Yang-Hsiang Lin ^1,², Meng-Han Wu ², Chia-Jung Liao ², Yu-Tung Lin ², Chau-Ting Yeh ^1,³, Kwang-Huei Lin ^1,^2,⁴

PMCID: PMC12256398 PMID: 40667562

Abstract

Thyroid hormone (T3) and its receptor (TR) play crucial roles in regulating cell proliferation and cancer progression, including hepatocellular carcinoma (HCC). However, the specific mechanisms underlying HCC development mediated by T3/TR remain unclear. This study aimed to identify differentially expressed target genes influenced by T3/TR in HCC progression. Microarray profiling analysis revealed hepsin (HPN) as a potential target gene regulated by T3/TR. Quantitative reverse transcription-PCR (qRT-PCR) confirmed that T3/TR upregulates HPN expression. Promoter assays and chromatin immunoprecipitation (ChIP) analysis further demonstrated that TR directly binds to the HPN promoter region (+506/+523), activating its transcription. Functional studies showed that ectopic expression of HPN significantly inhibited cell proliferation. Furthermore, HPN was found to be involved in T3/TR-mediated suppression of cell growth by modulating the expression of CDK2 and cyclin E1. Clinically, HPN expression levels were inversely correlated with CDK2 and cyclin E1 in HCC tissues. These findings establish a novel regulatory relationship among T3/TR, HPN, CDK2, and cyclin E1, highlighting their potential role in controlling liver cancer cell proliferation.

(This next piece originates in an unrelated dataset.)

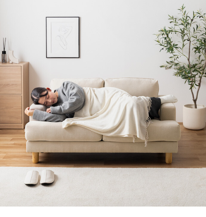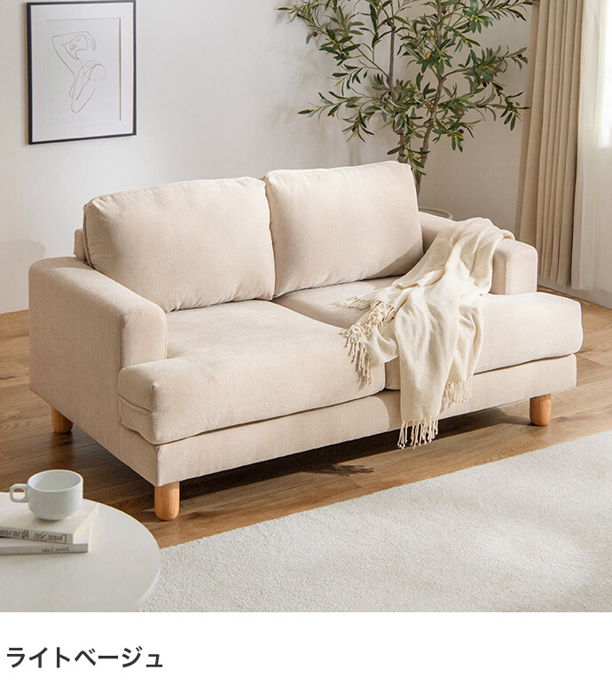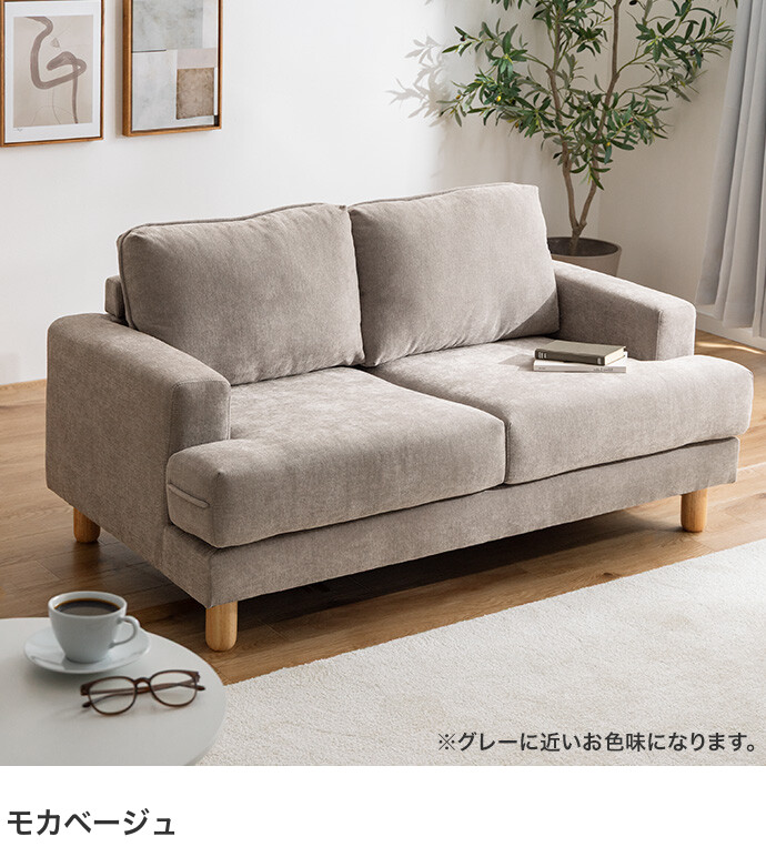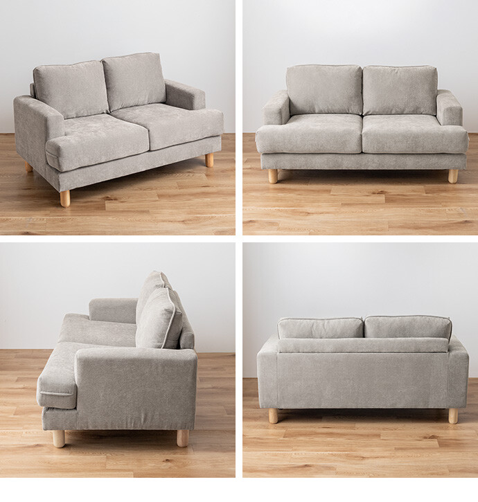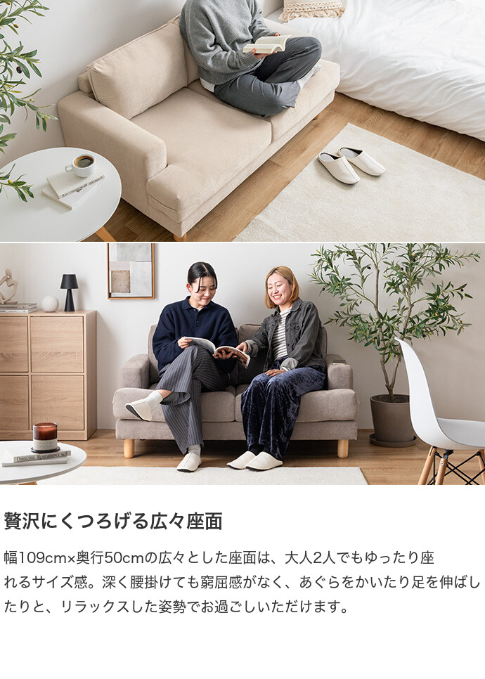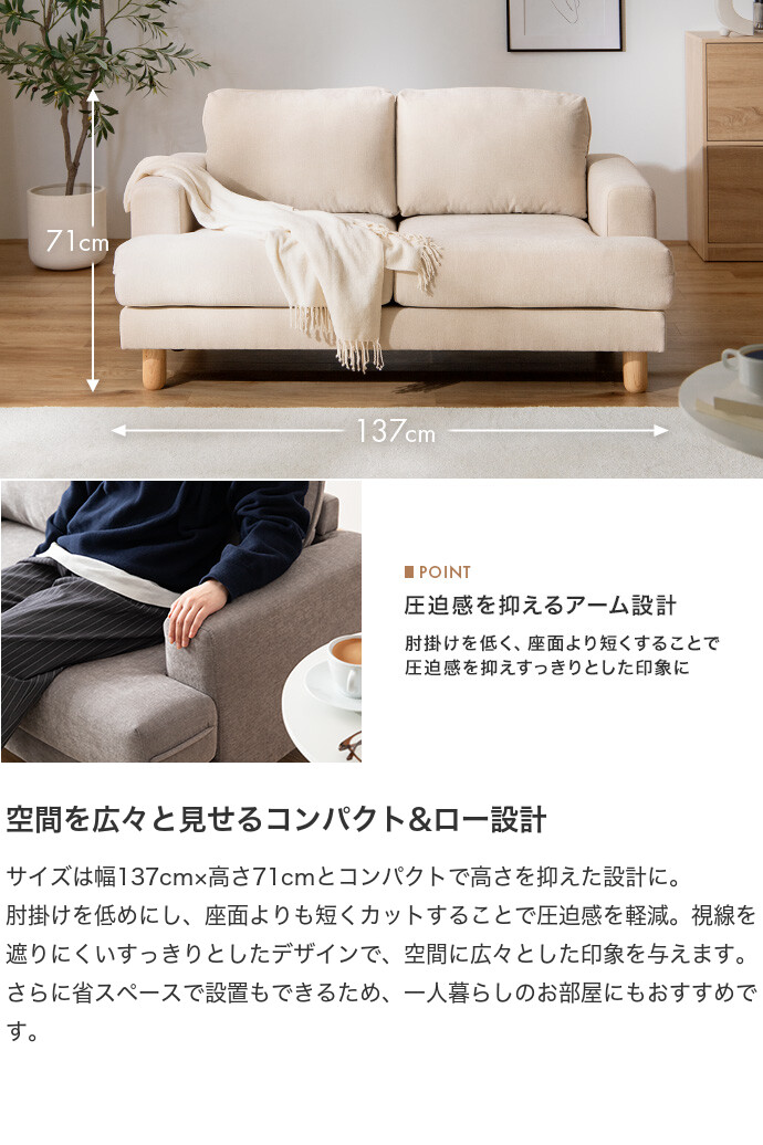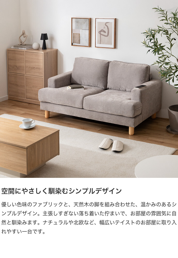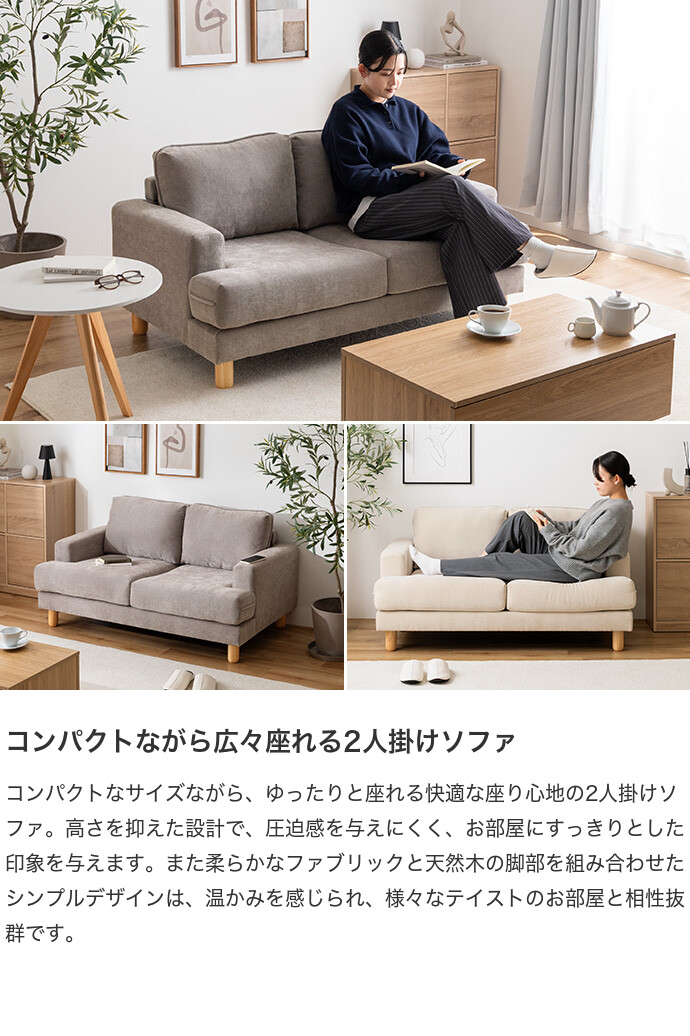 コンパクトなサイズながら、ゆったりと座れる快適な座り心地の2人掛けソファ。高さを抑えた設計で、圧迫感を与えにくく、お部屋にすっきりとした印象を与えます。また柔らかなファブリックと天然木の脚部を組み合わせたシンプルデザインは、温かみを感じられ、様々なテイストのお部屋と相性抜群です。

Keywords: Thyroid hormone, hepatocellular carcinoma, gene expression, hepsin, cell growth

Introduction

Hepatocellular carcinoma (HCC) is one of the major types of liver cancer globally and is linked to a high death rate [1]. While antiviral treatments, including the hepatitis B virus (HBV) vaccine and nucleotide analogs, have successfully reduced HCC incidence in HBV-infected patients, HCC remains a significant global health burden [2]. Elucidating its underlying mechanisms is essential for devising more effective therapeutic strategies.

Thyroid hormone (T3) is essential for various physiological processes, including cell differentiation, metabolism, and growth, by regulating its nuclear receptors, thyroid hormone receptor α1 (TRα1) and β1 (TRβ1) [3,4]. In the absence of T3, TR binds to thyroid hormone response elements (TREs), which lead to suppressing gene repression. TR leads to a conformational change in T3 binding and activates target genes. Clinical studies showed that hypothyroid women had a high risk of developing [5]. In addition, animal model studies have shown that T3 decreases the number and burden of HCC tumors [6]. In line with these findings, our data have clearly demonstrated that T3 treatment suppresses cell growth and inhibits sphere formation, which is consistent with the proposed tumor suppressor function of T3 during the initiation of HCC [7,8].

Hepsin (HPN) is a transmembrane serine protease that functions as a glycoprotein, as evidenced by in vitro assays [9,10]. HPN is expressed in various tissues, including the liver, lungs, kidneys, thyroid, breast, stomach, and adipose tissue [11]. Studies have shown that ectopic HPN expression in a mouse model led to prostate cancer progression and metastasis [12]. Similarly, HPN overexpression in ovarian cancer promoted tumor growth [13]. These tumor-promoting effects require the catalytic domain of HPN. In colorectal cancer patients, elevated HPN levels correlate with poor prognosis [14], suggesting an oncogenic role. Conversely, higher HPN expression is linked to better prognosis in breast cancer patients [15]. Notably, HPN expression is lower in HCC tissues than adjacent normal tissues, with reduced HPN levels associated with poorer prognosis [16].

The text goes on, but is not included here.